O curioso é que, apesar de em muitos casos estes homens também aparecerem nos vídeos e fotos expostas, isso não é um problema para eles, pelo contrário, muitos consideram até positivo, um reforço na imagem de virilidade que querem construir para si.
Para ilustrar o que estamos falando aqui, vejamos algumas situações reais em que mulheres e homens tiveram detalhes da sua intimidade vazados e como isso repercutiu de forma diferente entre eles: este ano viralizou uma notícia envolvendo a relação sexual entre um morador de rua e uma mulher diagnosticada com transtorno de personalidade bipolar, a mulher foi ridicularizada e agredida de todas as formas nas redes sociais, enquanto o homem virou um pop star, com direito até a convite para se candidatar a cargo político.
Outro caso recentemente lembrado foi o da atriz Pamela Anderson com o músico Tommy Lee, há muitos anos vazou um vídeo de conteúdo sexual envolvendo os dois, desde aquela época Pamela segue com sua carreira sendo estigmatizada pela mídia enquanto Tommy é celebrado por muitos homens, até hoje, pelo mesmo vídeo.
Apesar dos casos acima não terem sido motivados por uma vingança propriamente dita, eles servem para mostrar que, apesar de homens e mulheres fazerem sexo desde sempre, o corpo feminino nunca foi livre como o dos homens para explorar e exercer a sua sexualidade.
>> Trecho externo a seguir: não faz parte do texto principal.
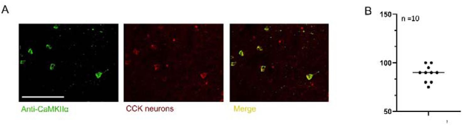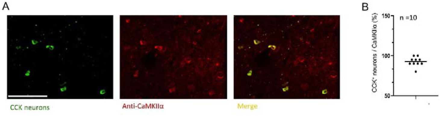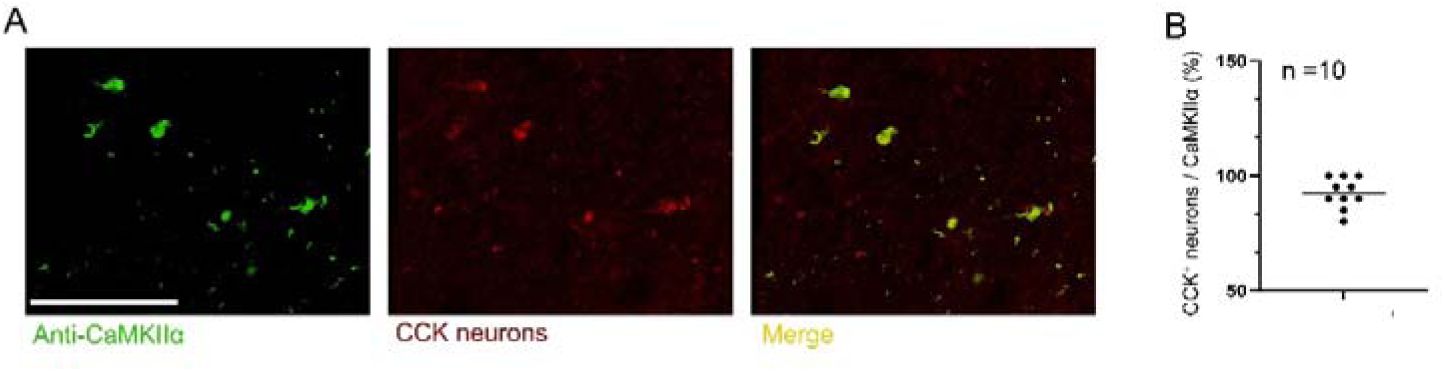 Representative image of co-immunofluorescent labeling of CCK-positive neurons with the excitatory neuronal marker CaMKIIα in the CA3 region. Scale bar, 100 µm.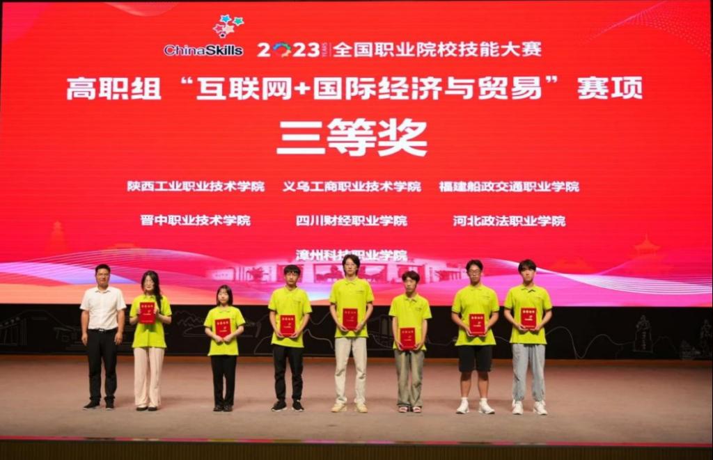 2023年7月24日至25日,2023年全国职业院校技能大赛(高职组)“互联网+国际经济与贸易”赛项在贵州交通职业技术学院成功举办,共有自全国不同省、市、自治区的66支代表队同台竞技、相互切磋。经过两天的激烈竞争,太阳成集团tyc122cc由王粉萍、程天一老师指导,市场营销专业侯维萍、杨佳敏、牛佳怡与航空物流专业的皇甫荣荣4名同学组成的代表队斩获团体三等奖。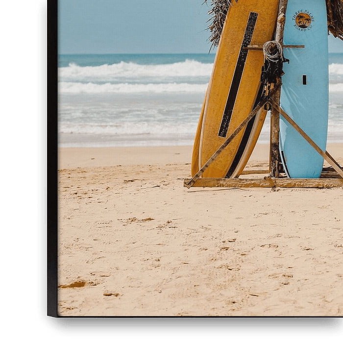 Dieses Foto fängt die Essenz eines entspannten Surftages an einem tropischen Strand ein. Zwei bunte Surfbretter - eines in warmem Gelb, das andere in leuchtendem Blau - lehnen an einem Holzständer, der unter einem Strohdach aus Palmenblättern geschützt ist. Im Hintergrund rollen die Wellen sanft gegen den weichen Sand, während der klare…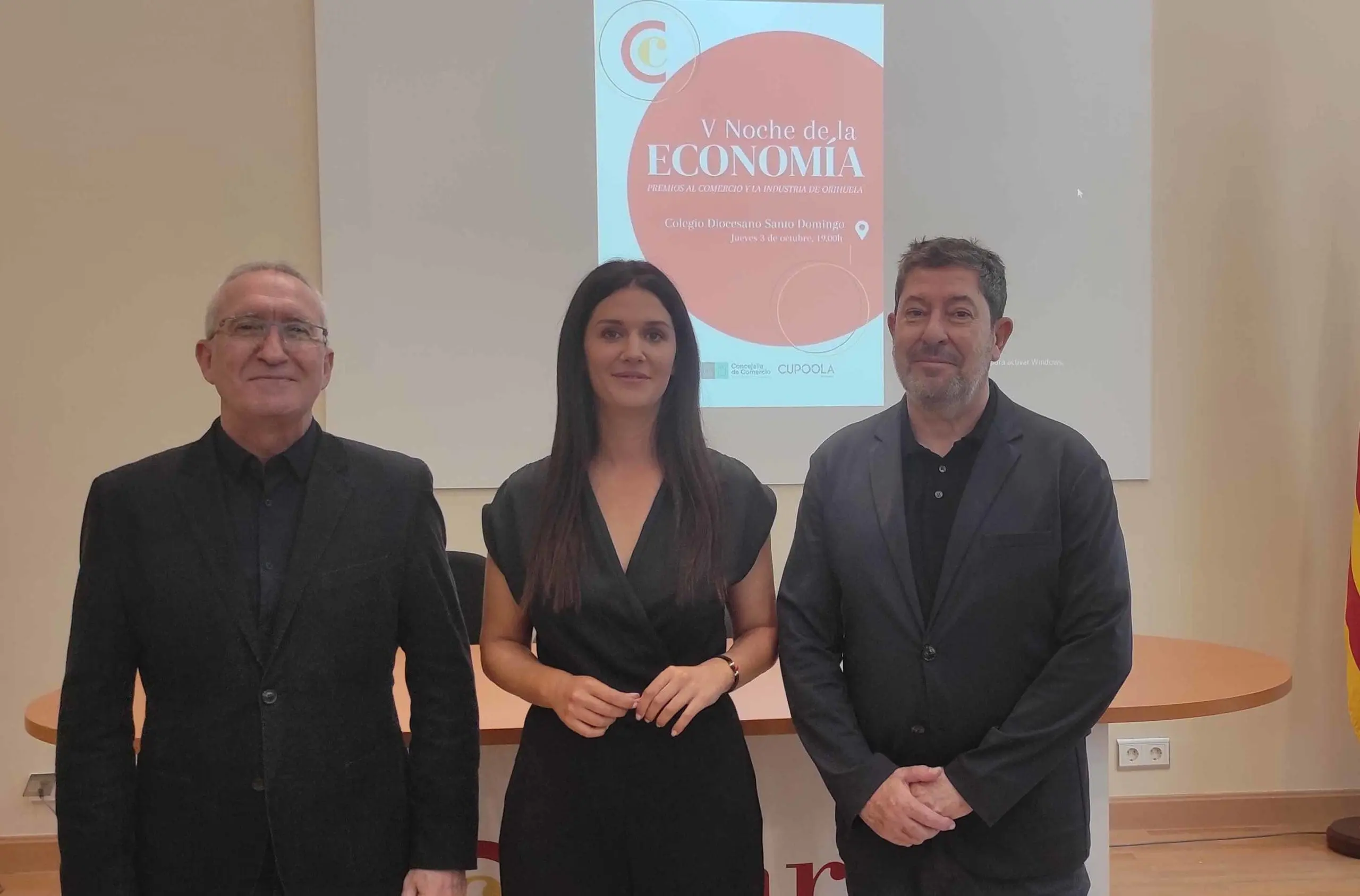 La Cámara de Comercio de Orihuela ultima los preparativos para la quinta edición de la Noche de la Economía y Premios al Comercio y la Industria de Orihuela, que este año se traslada al claustro de la antigua Universidad, en el Colegio Diocesano de Santo Domingo. El presidente de Cámara Orihuela, Mario Martínez, y la vicepresidenta de la entidad, Cristina Torres, han presentado hoy en las instalaciones del Vivero de Empresas este evento, acompañados por el concejal de Comercio del Ayuntamiento de Orihuela, Vicente Pina.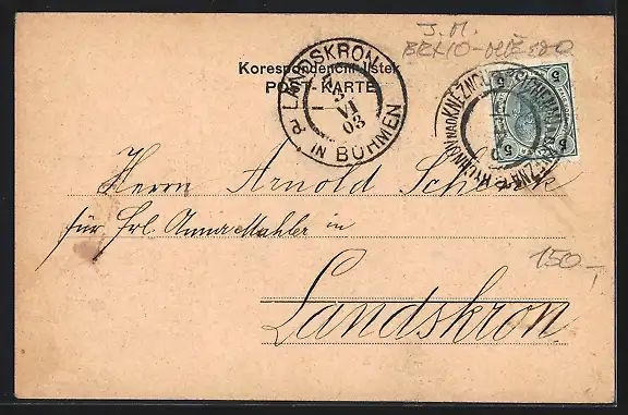 gelaufen 1903, Eckknicke oben, Stempelspur, guter Zustand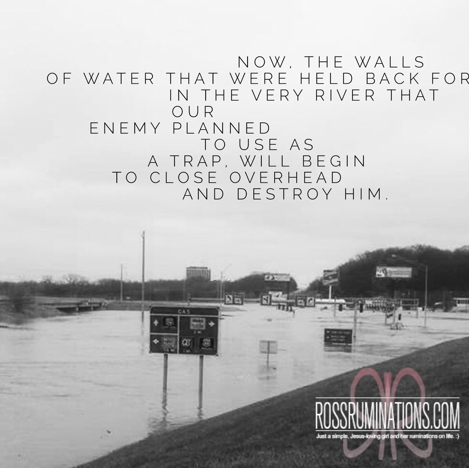 But the walls built upon the firm foundation of God were the only fortifications that could withstand the strain. No, we couldn’t control the storms, but within the safety of these walls, floodgates could be left wide open without fear. Friends and neighbors would gather together and lay sandbags of prayer around the borders of our lives, as detours rerouted our paths onto unfamiliar roads and our faith moved us onto higher ground in Him. Then, when pressure levels seemed more than we could withstand, the Son came out. Now, the One who commands the seas is ready to step in and part the Red Sea.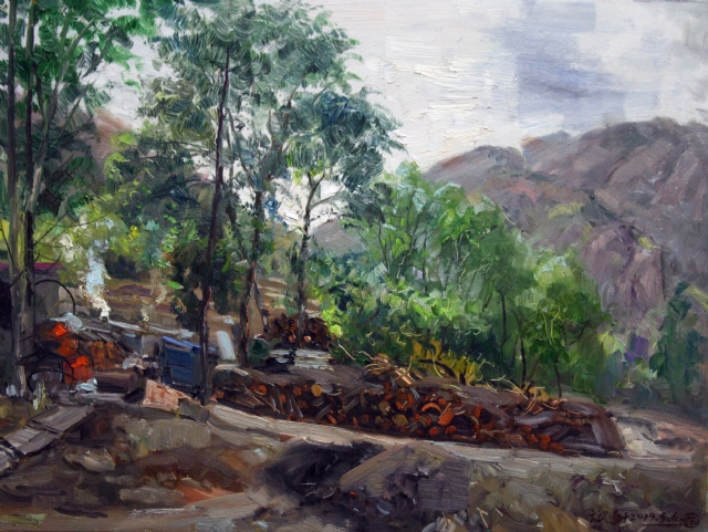 《大山里燒炭的窯》布面油畫,作者:石廣武,尺寸:60X80(CM)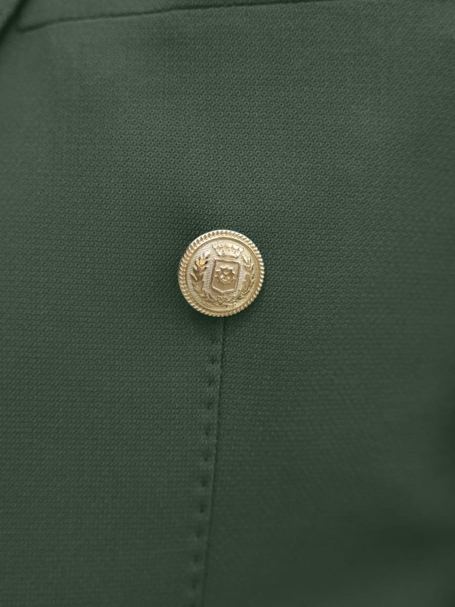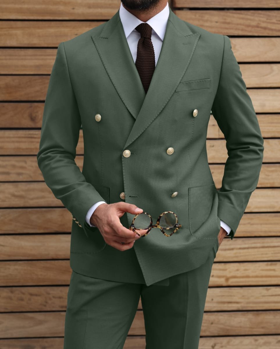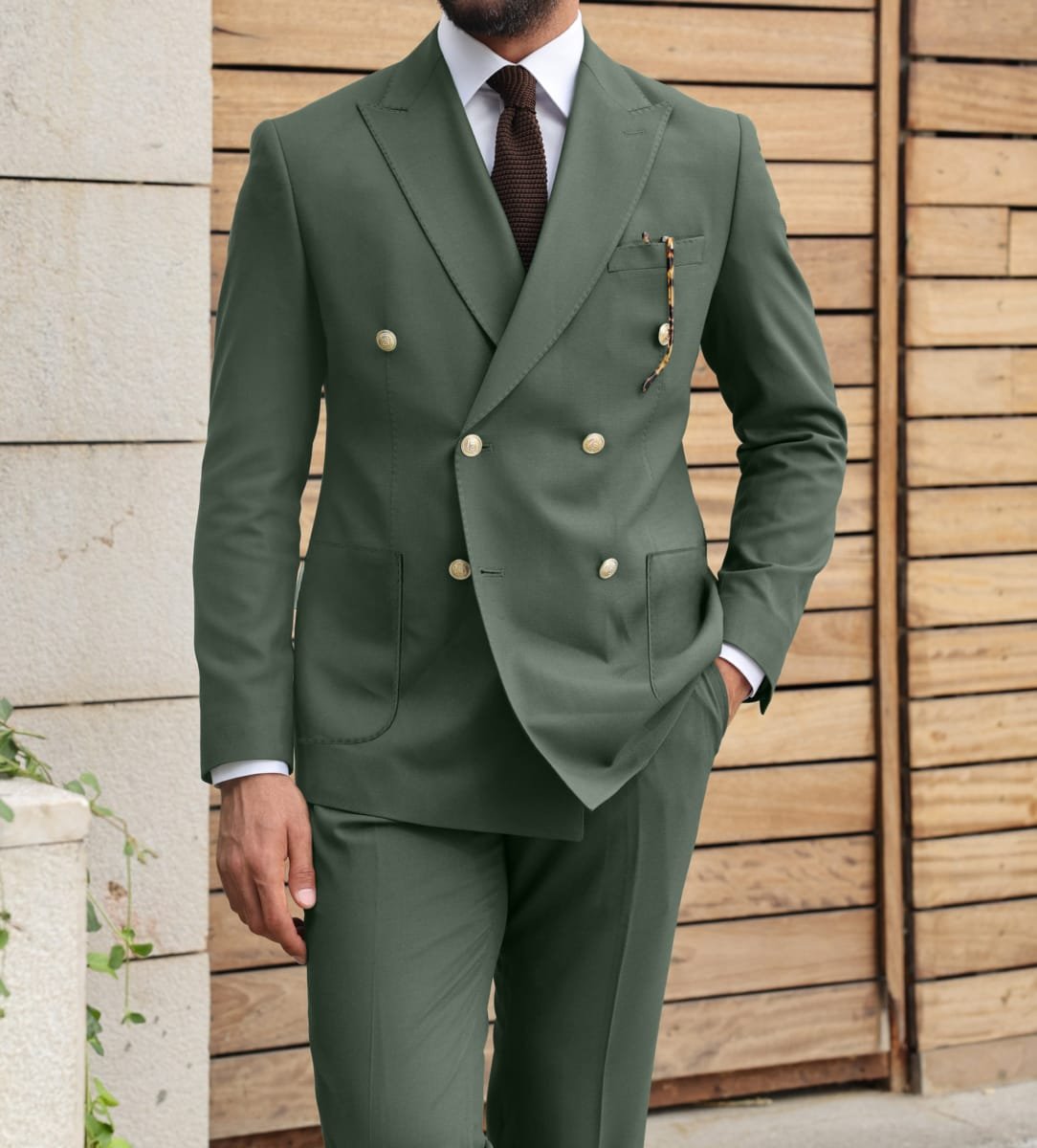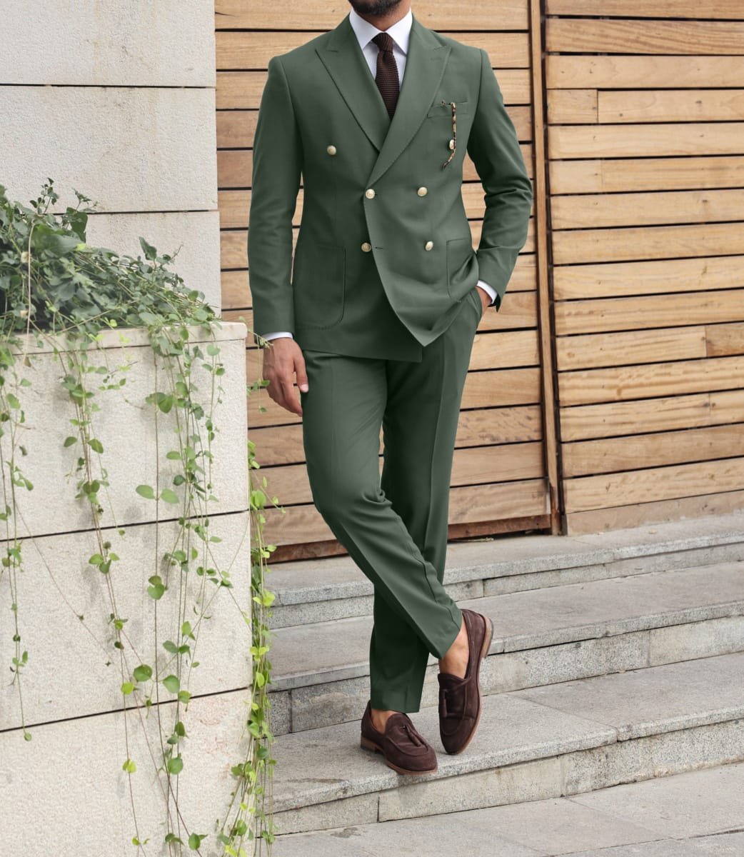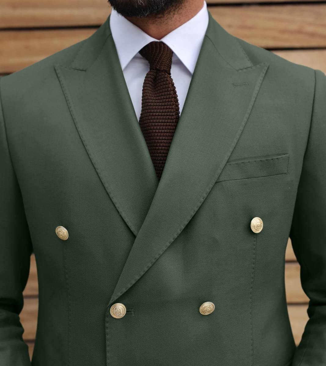 Tailored slim fit olive green double breasted men’s suit with peak lapels

E, isto acontece porque neste modelo atual de sociedade onde estamos inseridas nossos corpos existem mais para servir de objeto para o desejo masculino do que de instrumento do nosso próprio desejo. E o recado é claro: se ousarmos subverter esta ordem há um preço a pagar e ele costuma ser alto.
Esta vigilância, controle e punição do desejo e da sexualidade feminina não é por acaso, é uma das inúmeras formas que o machismo encontrou de exercer poder e fazer com que as mulheres sigam pertencendo ao domínio masculino e atendendo às suas regras impostas.
Esta é uma sociedade que, por um lado explora ao extremo o corpo feminino como objeto sexual, na mídia, nas redes sociais, pela indústria pornográfica, e que, na mesma medida, trata a sexualidade da mulher como algo vergonhoso e passível de punição. O que acontece é que nessa dicotomia "ou santa ou pecadora" o que impera é a mesma estratégia, a de não nos permitir que sejamos verdadeiramente livres para fazermos as nossas próprias escolhas, não só no campo da sexualidade, mas em todos os aspectos da nossa vida.
E, isso está muito bem retratado em "Intimidade", quando estas duas mulheres ousaram, cada uma à sua maneira, quebrar essa lógica que tenta reduzir a mulher a uma condição de subalternidade, quando Ane ousa terminar um relacionamento abusivo e Malen ousa querer ser prefeita da sua cidade, a punição não demorou a vir para tentar levá-las de volta ao lugar de onde querem que nunca saiam, esse lugar da mulher objeto, passiva, ausente de desejos e vontades próprias, que nasceu apenas para cuidar dos outros e nunca de si mesma, o lugar da mulher domesticada.
Mas, o que não esperavam é que a resistência finalmente viria. Tanto na série quanto na vida real a resistência está acontecendo e, ainda que tenhamos muitos obstáculos a serem vencidos, não aceitaremos nada menos do que a liberdade de sermos quem quisermos ser.